If today's NFL Draft rules were around in 1983, Tim Krumrie would have been an undrafted rookie free agent, trying out for a Bengals team coming off back-to-back division titles and two years removed from nearly dethroning Joe Montana and the San Francisco 49ers in Super Bowl XVI. Making the team would have been a feat in and of itself. Krumrie didn't just make the team as a 10th round pick out of the University of Wisconsin, he became the best defensive lineman in franchise history and the franchise's all-time leader in tackles.
Many Bengals fans under the age of 40 are not aware of how good Isaac Curtis was. Curtis, a former running back and college track star with world class speed, did not move to receiver until his senior year in college, and while his franchise records for yards, receptions and touchdowns have since been passed by some other great Bengals receivers, there has not been a better receiver to call the banks of the Ohio home than Isaac Curtis.

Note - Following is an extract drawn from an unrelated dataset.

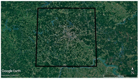 We carried out numerical experiments with the COSMO model with 1.1 km grid spacing [] over the Moscow region for NWP cases. The region of simulations is shown in Figure 3.
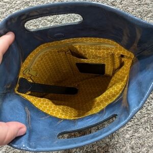 Brighton blue small patent leather shoulder bag . A few small stains on the front leather (see photos)

No inaugural class candidate will receive as much debate among Bengals fans and non-Bengals fans as our ninth candidate, Chad Johnson (aka OchoCinco). Because of his on- and off-the-field antics - which many perceived as self-serving, distracting and cancerous to a team - you won't find many fans in the middle on Johnson. When it comes to Johnson, I believe he is a good person, a good teammate, one hell of a wide receiver and I believe his antics were all good natured.
Our final candidate for the Cincy Jungle Ring of Honor inaugural class, makes the cut as much for his off-the-field contributions as his on-the-field contributions. Recruited to the University of Florida as a quarterback, Anthony Cris Collinsworth converted to be a receiver his sophomore year and was an All-SEC selection every year, including a First Team All-American as a senior in 1980. In need of weapons for Ken Anderson, the Bengals selected Collinsworth in the second round of the 1981 draft and his speed and 6'5" frame immediately created mismatches against smaller defensive backs. As a rookie, he stepped in and contributed immediately, leading the team in yards (1,009) and touchdowns (8) and ranked second on the team in receptions (67). 1981 would become the first of three consecutive Pro Bowls for Collinsworth and the first Super Bowl season in the history of the relatively young Bengals franchise.